Несмываемым наслаждением, прикосновениями, и только пугаясь едва ли в ежесекундном порыве за одно — позади глубокая мгла; окно открыто, блядский четвертый этаж, и Джек вздрагивает, осознавая это остатками целого мозга. Он цепляется судорожно, впиваясь пальцами в мужское плечо, но сразу же успокаиваясь, почувствовав крепкую хватку на пояснице.
«Не позволишь ебнуться вниз, значит? А вчера грозил обратным…»
Усмешка на покусанных кровавых губах беловолосого чертеныша, отчего ему даруется нетерпеливый рык и укус на шее. Питч обнимает мальчишку сильнее, кусает, зализывает моментально проступающий красный след и вновь жестко входит в едва растянутого парня, прикрывая на миг глаза, и слыша сорванный, награни истерики, крик. Та самая боль вперемешку с удовольствием — слишком въедливая под кожу дрянь, на которую подсаживаешься раз и навсегда, и это сука теперь у них на двоих.
Хотел Фрост попробовать — попробовал! А ему что теперь делать? Выцепил, сволочь малолетняя, разорвал шаблон, вытащил наружу суть убийцы, хищника, и наслаждается, на отъебись послав все мысленные и немыслимые чувства самосохранности. Словно этого и ждал с самого начала, когда перепуганным чертенком смотрел на заброшке…
Ещё один заход, грубо двигаясь внутри, давая Фросту почувствовать на что он попал, с многообещающей ухмылкой прижимаясь губами к мокрому виску мальчишки, незаметно целуя, позволяя ему что-то загнано шептать и расцарапывать лопатки. Такой наивный, такой преданный, жаждущий, и равнозначно робкий, уверенный сейчас, что это их единственный раз. Наивный искренний придурок… Несовершенный малолетка, поспоривший с судьбой. И выигравший в тысячный раз. Совершенный белоснежный, чья жизнь теперь в его окровавленных когтях.

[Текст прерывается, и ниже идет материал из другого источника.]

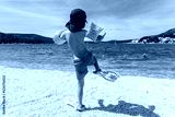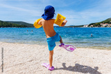 Back view cute little tanned boy kid in swimsuit sunscreen cap and fin funny walking dive in clear blue Mediterranean sea water on sunny summer day. Child have fun go snorkeling in flippers
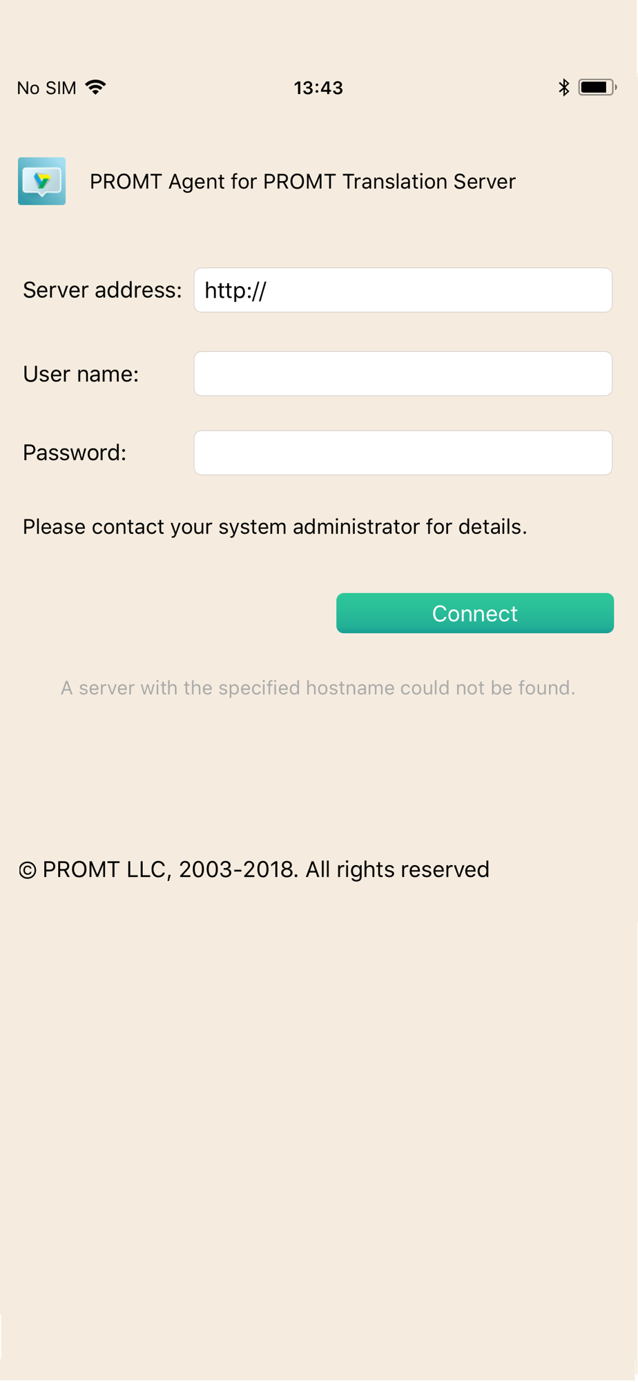 To work with the application, INTERNET IS REQUIRED to connect to PROMT Neural Translation Server.

И наслаждение самодостаточности по собственным венам, лучшее, нежели засаживать лезвия по рукоятки в отмороженных садистов. Высшая форма удовольствия — принадлежать и присваивать. В его ублюдочном случае второе — присваивать, до конца. И делай, что заблагорассудиться, раз эта белоснежная погибель победила и сорвала глупые надуманные клетки.
Ты ведь не такой. И мальчишка был прав про благородную браваду. А значит, хотел его с самого начала, как увидел, как только вырезал всех и притащил его к себе. Играл просто в «не такого», хотел считать, что прошлое не похерено литрами чужой крови на руках. Но нет — такой, такой самодовольный хищник, полностью утративший понятия глупых людей, и затащивший к себе это глупое белоснежное создание. Жажда ведь по нему была с первых дней, не так ли?..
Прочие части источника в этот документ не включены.